Publication Date: 02-05-2023
Setting up a corporate governance structure should sit on the top of the mountain of priorities for today’s business leaders. From an oversight perspective, the Board of Directors holds the highest power, but the structure itself also lays at the base – and ultimately serves as a solid foundation for growing your enterprise and mitigating risks. The concept refers to the system, or the set of principles, practices, and norms that are applied to direct and control a company. The Board of Directors carries this responsibility, which highlights the importance of choosing the correct architecture. When it comes to the energy industry, we have learned from history that applying the best practices to corporate governance is of utmost importance; looking at future tendencies, we also know that ESG has taken a leading role in the way investors, customers, employees, and clients view an organization.
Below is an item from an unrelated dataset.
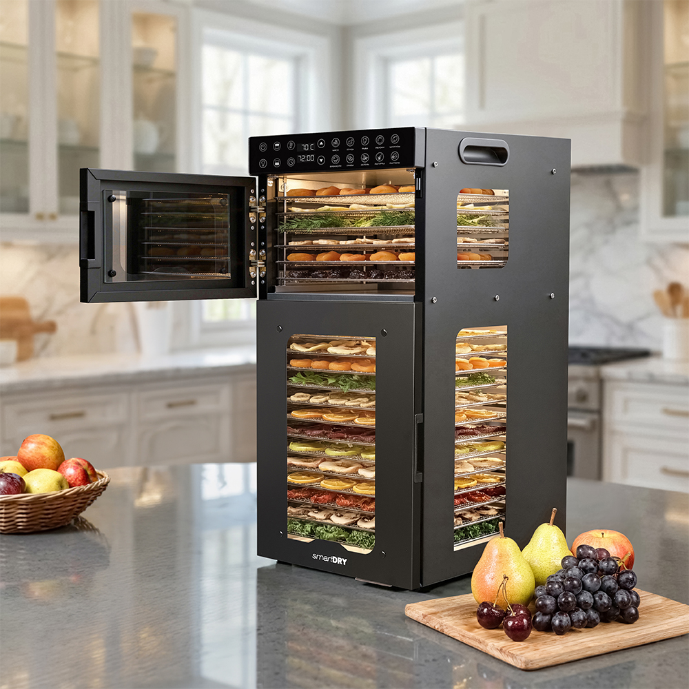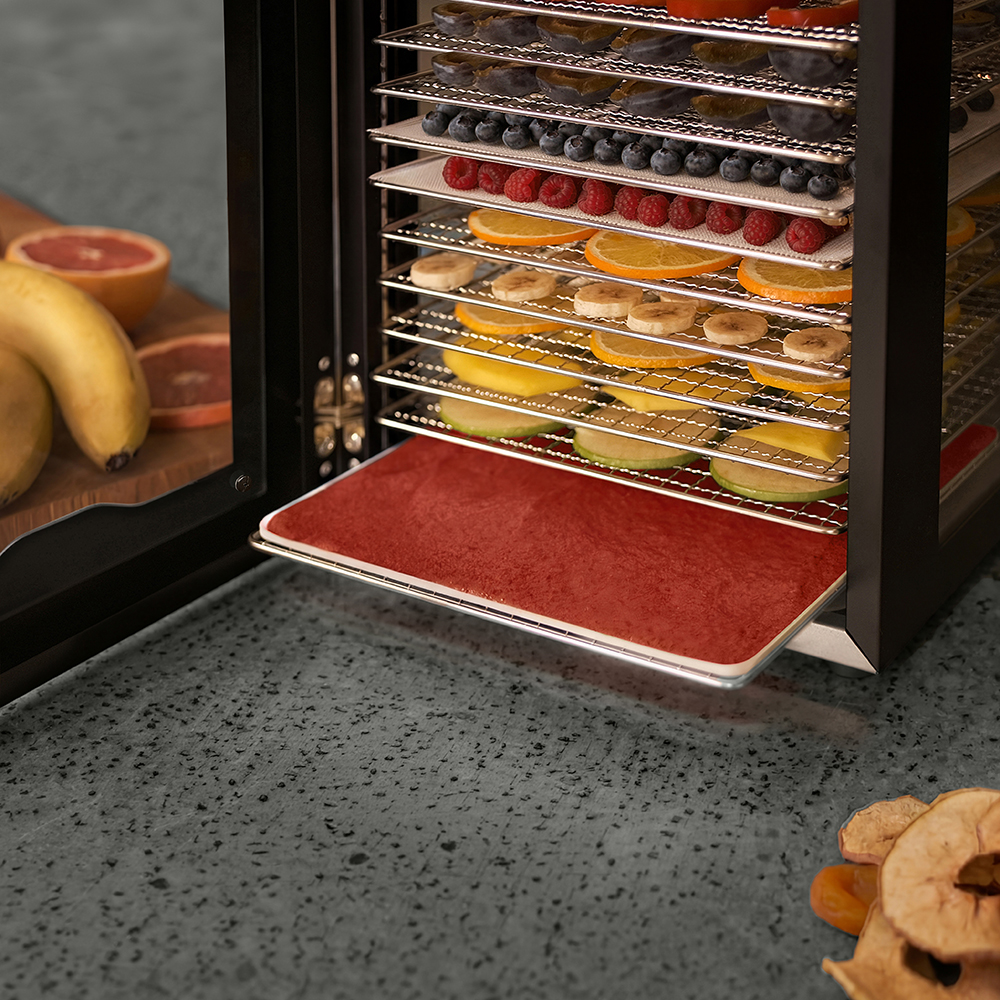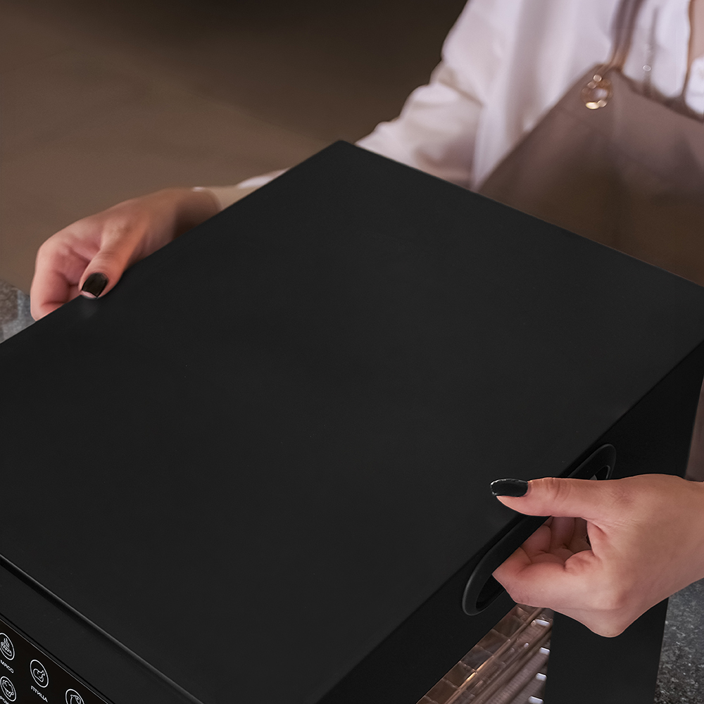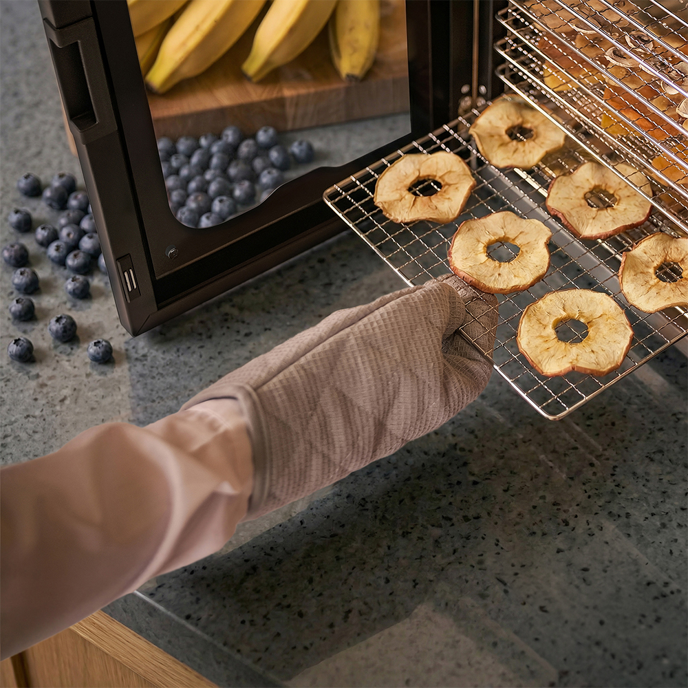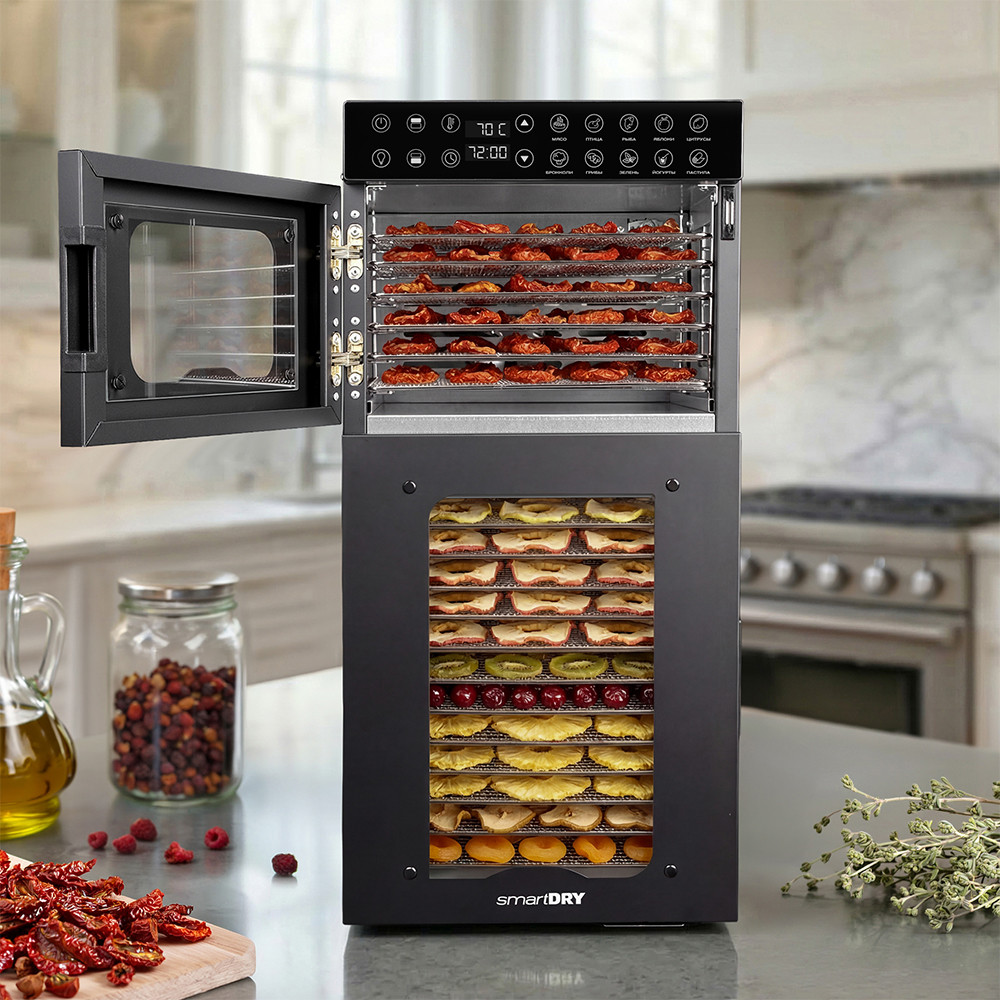 Чёрный корпус из нержавеющей стали, устойчивый к нагреву, влаге и коррозии, выглядит лаконично и современно, легко вписывается в интерьер кухни или мастерской. Внутри установлено 20 поддонов из нержавеющей стали с зазором 25 мм — этого достаточно, чтобы удобно размещать ломтики фруктов, травы или мясные полоски. В комплект также входят:

The “E” for “environmental” in ESG has been the priority in most industries, particularly in energy, because of its relation to climate. According to Deloitte, 62% of CXOs are worried about climate change most or all of the time. It is easier to detect impact, opportunities, and risk regarding emissions for oil and gas or electricity generation assets and their operational activity. The ”S” stands for “social,” which is also covered by most companies in their day-to-day programs with communities and other stakeholder groups, which usually requires alignment and disclosure guidance. However, the ”G” for “governance” frequently is disregarded; yet, it is critical for long-term business success.